Food staples recap: is "Buy Canada" having an impact?

Eli Rodney
March 24, 2025
Food & Staples Retailing+11 more

The Canadian grocers and food manufacturers are largely done with earnings season, posting pretty solid results across the board.

CompanyActualConsensus
🇨🇦 Loblaw (L)2.202.21
🇨🇦 Metro (MRU)1.101.09
🇨🇦 Empire (EMP-A)0.620.62
🇨🇦 Maple Leaf (MFI)0.380.24
🇨🇦 Saputo (SAP)0.390.40
🇨🇦 Premium Brands (PBH)1.050.95
🇨🇦 High Liner (HLF)0.410.22
🇨🇦 Rogers Sugar (RSI)0.150.15

The group gave investors a chance to sharpen their pencils on the impact of the “Buy Canada” movement, which varied based on which management team was asked.

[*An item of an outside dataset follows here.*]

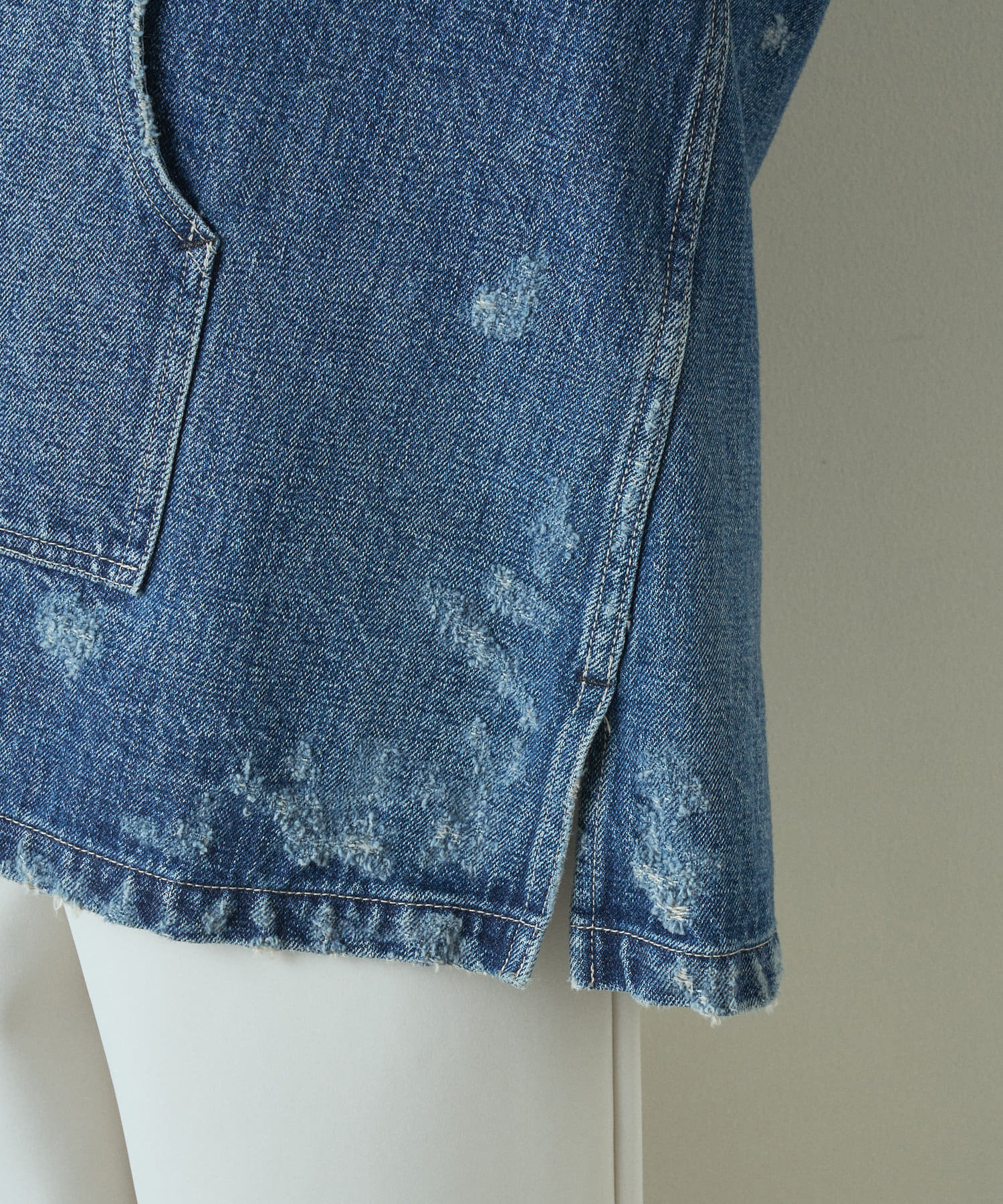 ウォッシュ処理、ダメージ加工を施し、ヴィンテージ感の漂う風合いにこだわった手間暇の掛けられた一着。

Grocers: stable, but more capacity coming

Results out of the grocers have been stable, with consistent mid-single digit EPS growth despite some variation at the company level.

Loblaw (L) has been the most stable of the group, likely owing to its higher exposure to discount retail and pharmacy - segments that tend to show more resilience to economic weakness than traditional food retail.

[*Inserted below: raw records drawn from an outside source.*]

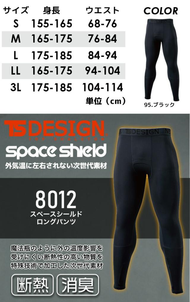 TSデザイン インナーパンツ ロングタイツ 防寒 冬用 ストレッチ TS-DESIGN 8012 保温 消臭 断熱性 ロングパンツ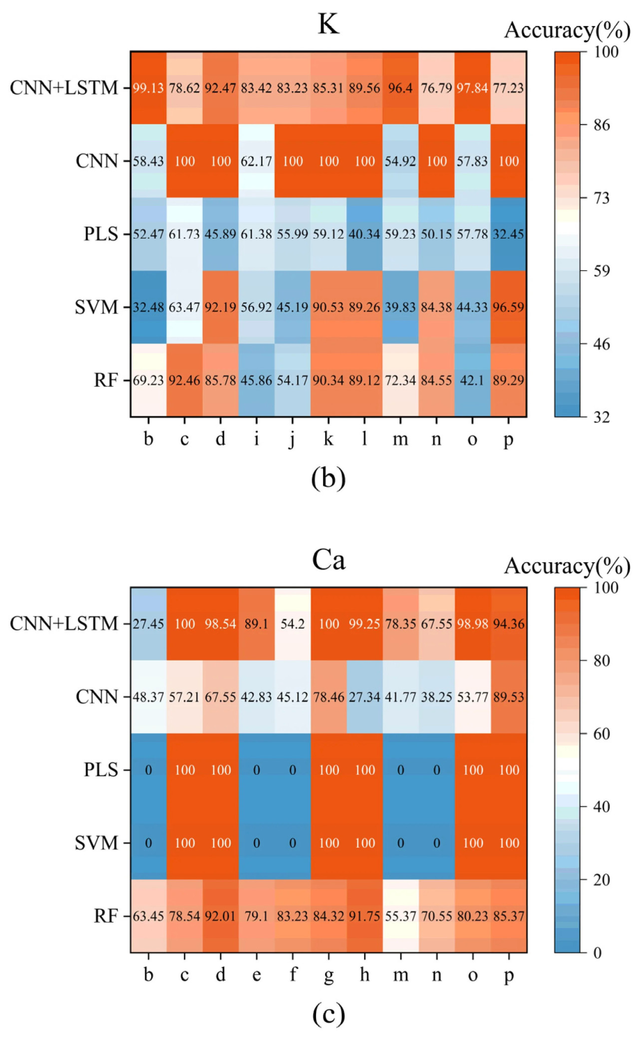 На основании результатов раздела 3.2 представлены показатели точности для диагностики стресса N, K и Ca при предварительной обработке SG + SNV для каждой модели, общие результаты показаны в таблице 5. Подробные диагностические результаты для каждой группы проиллюстрированы на рисунке 5. Среди них модель SVM не достигла точности выше 50% в диагностике дефицита питательных веществ для любого из трех элементов, в то время как точность диагностики избытка питательных веществ для всех трех элементов превысила 86%, что явно указывает на сильное переобучение. Модель PLS, за исключением диагностики избытка Ca, достигла показателей точности ниже 60% для других диагнозов стресса. Таким образом, SVM и PLS считаются практически полностью провалившимися. Модель CNN достигла точности выше 60% в диагностике стресса для N, K и Ca в пяти сценариях. Однако в четырех из этих сценариев точность не превысила 75%. Как показано на рисунке 5b, модель CNN также демонстрирует значительное переобучение в диагностике K. Учитывая, что это задача бинарной классификации, модель CNN также считается неэффективной. Модель RF показала диагностическую точность выше 70% в четырех сценариях, причем в трех из них превышающую 85%. Более того, как показано на рисунках 5a и 5b, модель RF достигла точности выше 50% в диагностике дефицита N и дефицита K, что свидетельствует о том, что ее более низкая производительность в этих двух категориях связана с внутренними сложностями задачи, а не с переобучением. Модель CNN + LSTM показала превосходные результаты в четырех сценариях с диагностической точностью выше 83%. Подобно модели RF, модель CNN + LSTM не показывает значительного переобучения.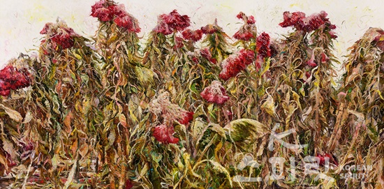 “복잡한 도심 한가운데 누군가에 의해 심어졌을 맨드라미는 절정의 시기를 거치고 12월 추운 바람을 버티며 서로에게 어깨를 기대고 서 있는 모습은 코로나 바이러스로 충격과 절망의 시간을 버티고 있는 우리들의 모습이다. 처절하고 아프나 굳은 의지로 서로에게 어깨를 내주는 맨드라미의 모습에서 나는 다시금 희망을 가진다. 우리는 다시 이겨 낼 것이고 자연에 의지하며 교감하는 우리로 다시 태어나길 바라는 마음으로 이번 전시에 임한다.”(작가노트)
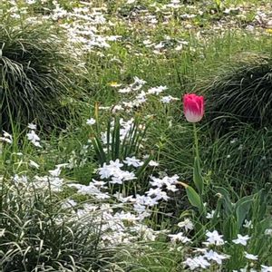 おはようございます。 またまた何植えたっけ…😅 秋に、あっちにこっちにと、隙間を見つけては球根を植えています。そして、隠したドングリの場所を忘れるリスのように、どこに何を植えたのかを忘れてしまいます。メモしておけばいいのに、後でと思っているうちに春が来て…。植えたことさえ忘れてしまったり…💦 スプリングスターフラワー。 名前の書いてある紙が残っていて分かりました😅😅😅 写真は白い花だったけれど、この色、好きです。 調べてみたら、スプリングスターフラワーは、ハナニラのことだと分かりました。庭に咲いてほしかったハナニラ。よかった😊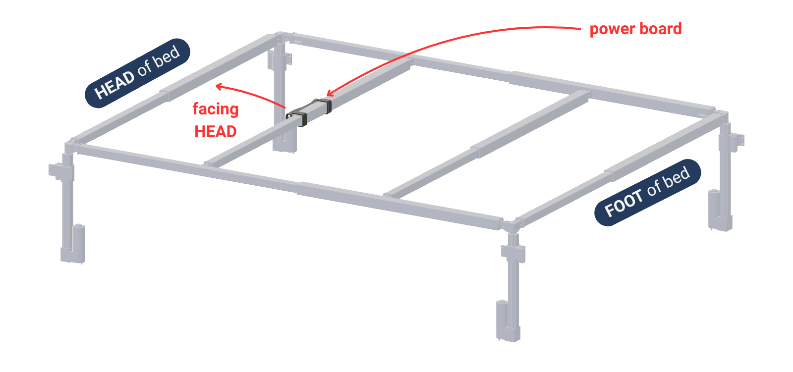 Slide the power board onto the short outer tube closest to the HEAD of the bed, with the board facing the HEAD.

A theme investors may be worried about within the grocer universe is capacity expansion, with each grocer planning to add square footage in the near-term.

Company

Expansion Plan

Loblaw (L)

80 new food & drug stores, 100 new pharmacist clinics (2025)

Metro (MRU)

12 new food & drug stores, 12 pharmacy expansions (2025)

Empire (EMP-A)

1.5% square footage growth (2026)

The grocers highlight the coming capacity buildout is to catch up with previous population expansion - but a weaker immigration backdrop combined with this new supply could pressure same store sales growth.

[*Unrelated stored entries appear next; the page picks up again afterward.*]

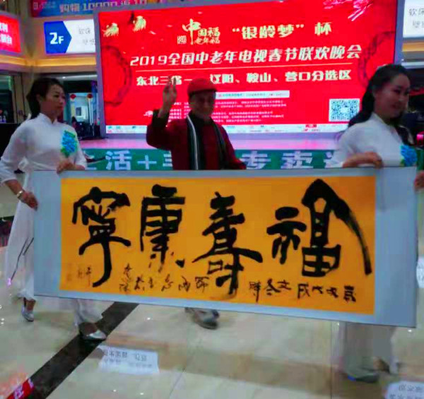 8、書畫家于承志(中男)于2018年11月7日參加了2019年全國(guó)中老年電視春晚東北遼陽(yáng)鞍山營(yíng)口分賽區(qū)活動(dòng)現(xiàn)場(chǎng)。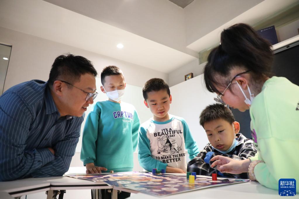 4月1日,在甘肅省蘭州市的讀(du)(du)者(zhe)出版(ban)集團(tuan)數字閱(yue)讀(du)(du)中心讀(du)(du)者(zhe)小(xiao)站,工作人員與(yu)小(xiao)朋友一起玩“講述中國(guo)神(shen)話故事”的飛行棋游戲。新(xin)華社記者(zhe) 馬希平 攝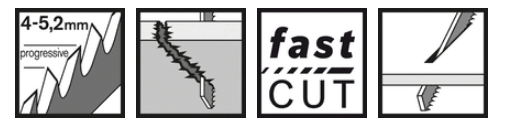 - Крупный прогрессивный шаг зубьев (4–5,2 мм) полотна позволяет пилить различные древесные материалы толщиной 5–50 мм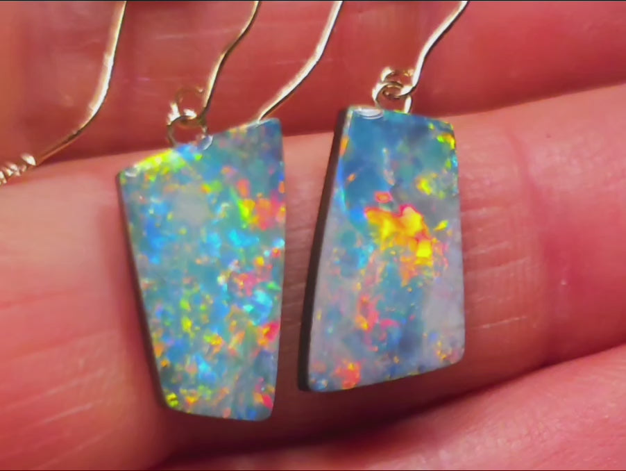 Avant Garde' Australian Opal Dangle Doublet Earrings 14k Gold 9.5ct P13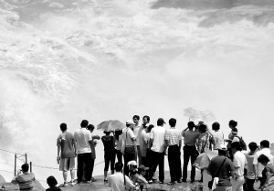 6月14日,游客在黄河壶口瀑布观赏“白浪滔天”的壮观场面。近日,受黄河上游降雨减少等因素影响,黄河水质明显变得清澈,在陕西延安宜川黄河壶口瀑布处形成“白浪滔天”的壮观场面,吸引了众多国内外游客前来观赏。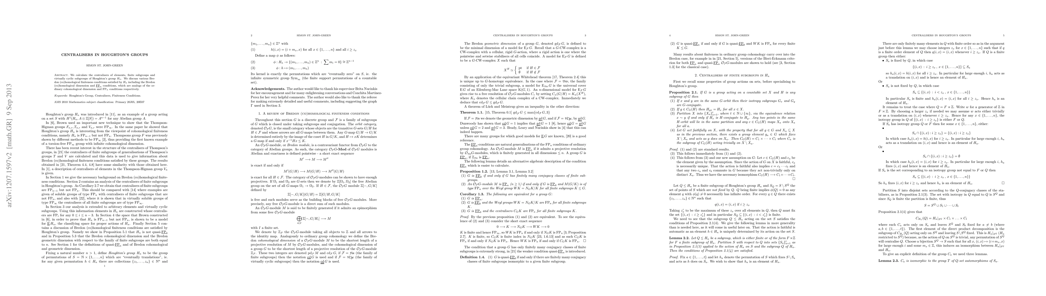 We study the centralisers of elements, finite subgroups and virtually cyclic subgroups of Houghton's group Hn. We discuss various Bredon (co-)homological finiteness conditions satisfied by Hn including the Bredon (co-)homological dimension and Bredon-FPn conditions, which are analogs of the ordinary co-homological dimension and FPn conditions respectively.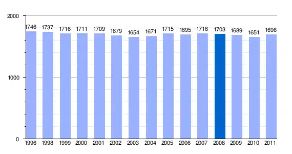 | Gráfica de evolución demográfica de El Valle (Soria) entre 1996 y 2011 |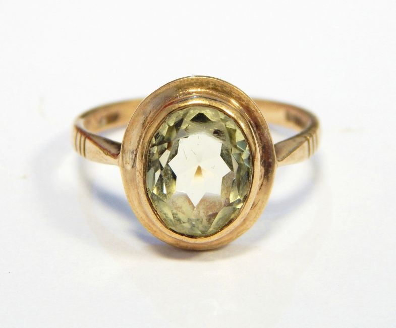 9ct gold and pale green stone solitaire ring, collet set oval facet-cut stone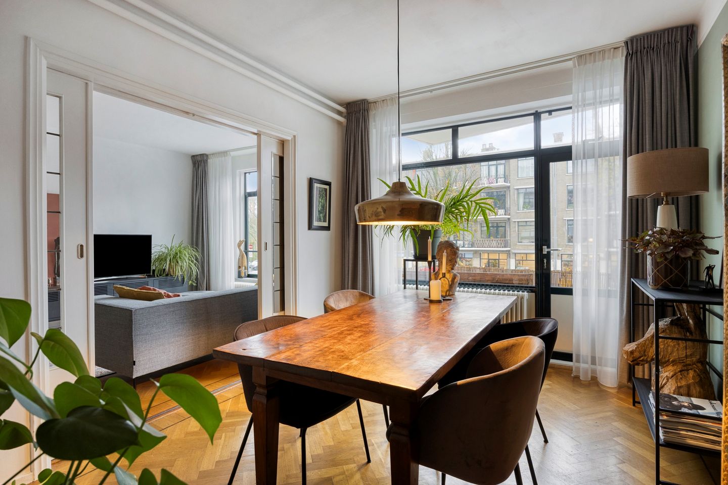 De lichte woonkamer en suite beschikt over grote raampartijen die zorgen voor een prettige lichtinval. De originele glas-in-lood schuifdeuren verbinden de woonkamer met de eetkamer en de slaapkamer en geven het geheel een karakteristieke uitstraling.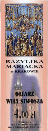 下は聖マリア教会。今まで見た中でいちばんキレイな教会でしたです。日本語説明書(けっこうがんばってて間違いがほとんどない)あり。ポーランドは観光客用のパンフがけっこう各国語揃ってる。でここは毎正時ごとにラッパが吹き鳴らされるんだけど、途中でブツ切れるのです。そうゆう史実?伝説?に基づいて。あとどっかで毎正時の鐘の音も…(こっちのが遠くまで聞こえる)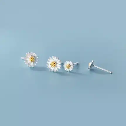 Fresh Sterling Silver 925 Cute Daisy Flower Stud Earrings for Students Jewelry Gifts

Producers: a more challenging outlook

The producers, while posting solid results this quarter, face a more challenging outlook than the grocers do. Given how different each company is from one another, a deeper look is warranted to sift through potential winners and losers.

Tariffs are an obvious headwind that seem to be somewhat under control, with exposed companies all highlighting they have mitigation strategies in place.

Company

Tariff Exposure

Maple Leaf (MFI)

7-8%

Premium Brands (PBH)

4-5%

High Liner (HLF)

<10%

The group is at different stages of capacity investment, with Maple Leaf Foods (MFI) and Saputo (SAP) now out of their large CapEx cycles, Lassonde (LAS-A) just starting to ramp up their U.S. expansion plans, and Premium Brands (PBH) maintaining high M&A spend.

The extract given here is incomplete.